*TASK PROMPT*
Using the records that follow, reproduce exactly the lines starting at the line containing "À la suite du" and ending at the line containing "Die natürliche Aktivformel". Include both end lines and no pictures.

SOURCE MATERIAL Start Marker

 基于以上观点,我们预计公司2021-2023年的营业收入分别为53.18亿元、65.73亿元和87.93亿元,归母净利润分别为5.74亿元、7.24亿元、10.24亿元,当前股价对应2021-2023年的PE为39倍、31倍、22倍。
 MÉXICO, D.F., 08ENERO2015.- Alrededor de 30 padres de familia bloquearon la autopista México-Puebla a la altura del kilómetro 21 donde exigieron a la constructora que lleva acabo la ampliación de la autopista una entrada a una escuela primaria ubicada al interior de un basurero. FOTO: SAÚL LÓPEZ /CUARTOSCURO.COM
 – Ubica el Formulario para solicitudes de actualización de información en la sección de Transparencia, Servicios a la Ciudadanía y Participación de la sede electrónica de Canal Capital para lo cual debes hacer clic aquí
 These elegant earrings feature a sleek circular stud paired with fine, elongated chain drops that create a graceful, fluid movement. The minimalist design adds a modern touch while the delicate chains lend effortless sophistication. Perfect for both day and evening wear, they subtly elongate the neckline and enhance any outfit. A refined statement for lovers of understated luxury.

SOURCE MATERIAL End Marker
SOURCE MATERIAL Start Marker

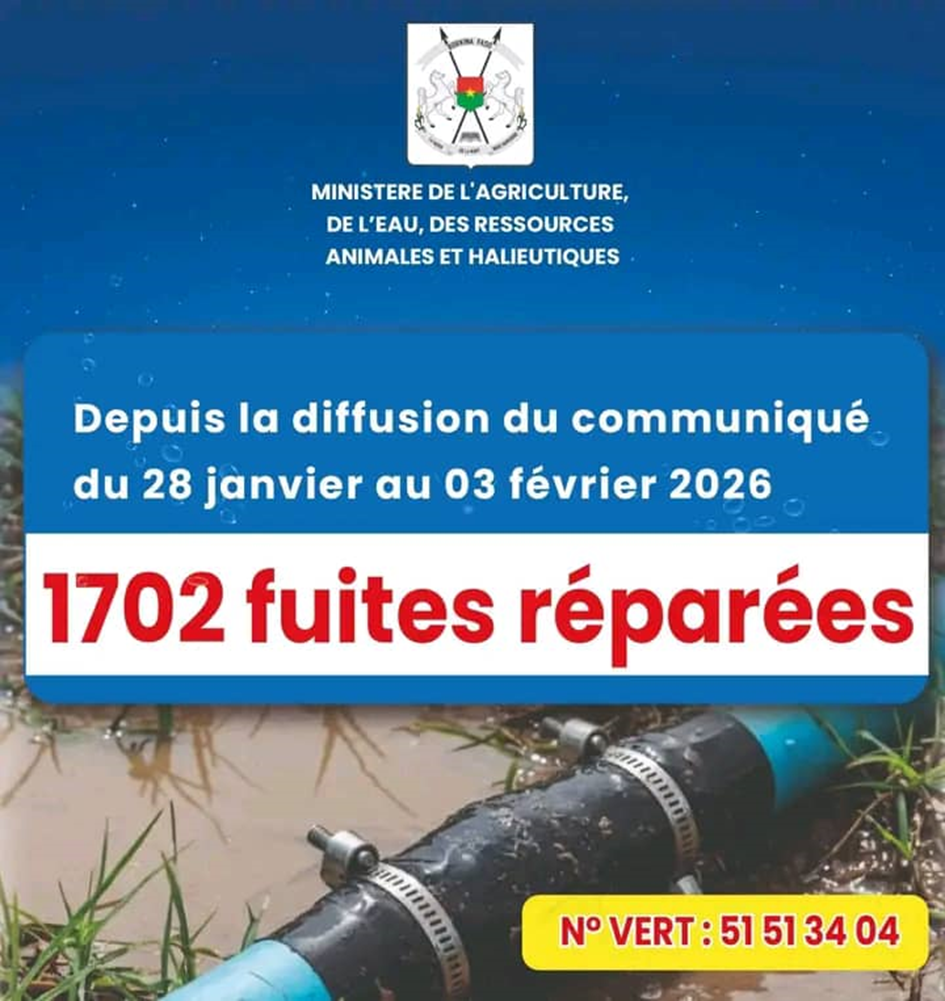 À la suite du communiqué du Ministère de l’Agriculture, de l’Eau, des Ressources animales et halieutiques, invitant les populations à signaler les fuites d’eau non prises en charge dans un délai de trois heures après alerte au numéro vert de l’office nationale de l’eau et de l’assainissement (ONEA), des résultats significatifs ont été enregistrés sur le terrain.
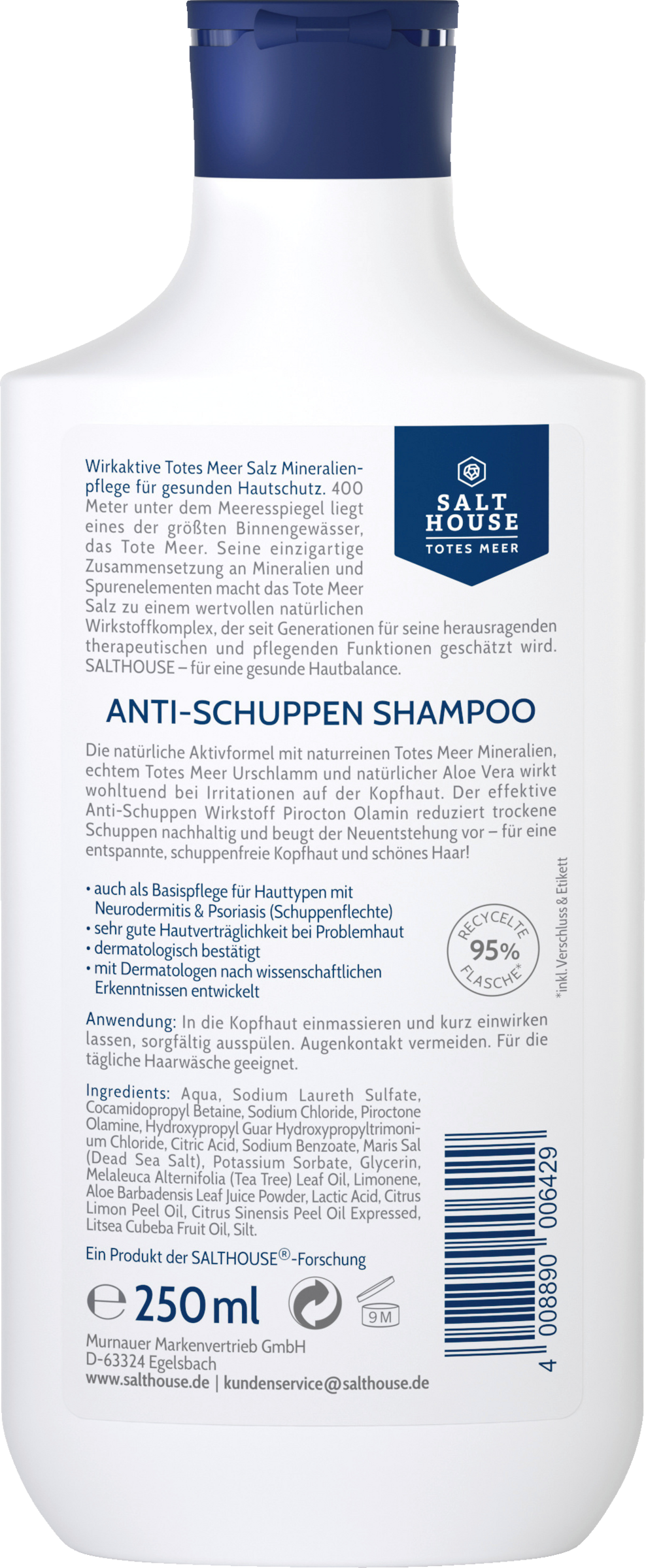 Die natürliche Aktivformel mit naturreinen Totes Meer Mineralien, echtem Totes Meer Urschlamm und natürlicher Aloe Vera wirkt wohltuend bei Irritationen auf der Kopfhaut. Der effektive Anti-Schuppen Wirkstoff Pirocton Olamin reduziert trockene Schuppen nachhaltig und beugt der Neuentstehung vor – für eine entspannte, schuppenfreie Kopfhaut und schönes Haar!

SOURCE MATERIAL End Marker
SOURCE MATERIAL Start Marker

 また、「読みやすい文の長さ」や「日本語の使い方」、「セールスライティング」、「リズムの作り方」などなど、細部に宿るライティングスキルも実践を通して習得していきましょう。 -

SOURCE MATERIAL End Marker

*EXERCISE RESULT*
 À la suite du communiqué du Ministère de l’Agriculture, de l’Eau, des Ressources animales et halieutiques, invitant les populations à signaler les fuites d’eau non prises en charge dans un délai de trois heures après alerte au numéro vert de l’office nationale de l’eau et de l’assainissement (ONEA), des résultats significatifs ont été enregistrés sur le terrain.
 Die natürliche Aktivformel mit naturreinen Totes Meer Mineralien, echtem Totes Meer Urschlamm und natürlicher Aloe Vera wirkt wohltuend bei Irritationen auf der Kopfhaut. Der effektive Anti-Schuppen Wirkstoff Pirocton Olamin reduziert trockene Schuppen nachhaltig und beugt der Neuentstehung vor – für eine entspannte, schuppenfreie Kopfhaut und schönes Haar!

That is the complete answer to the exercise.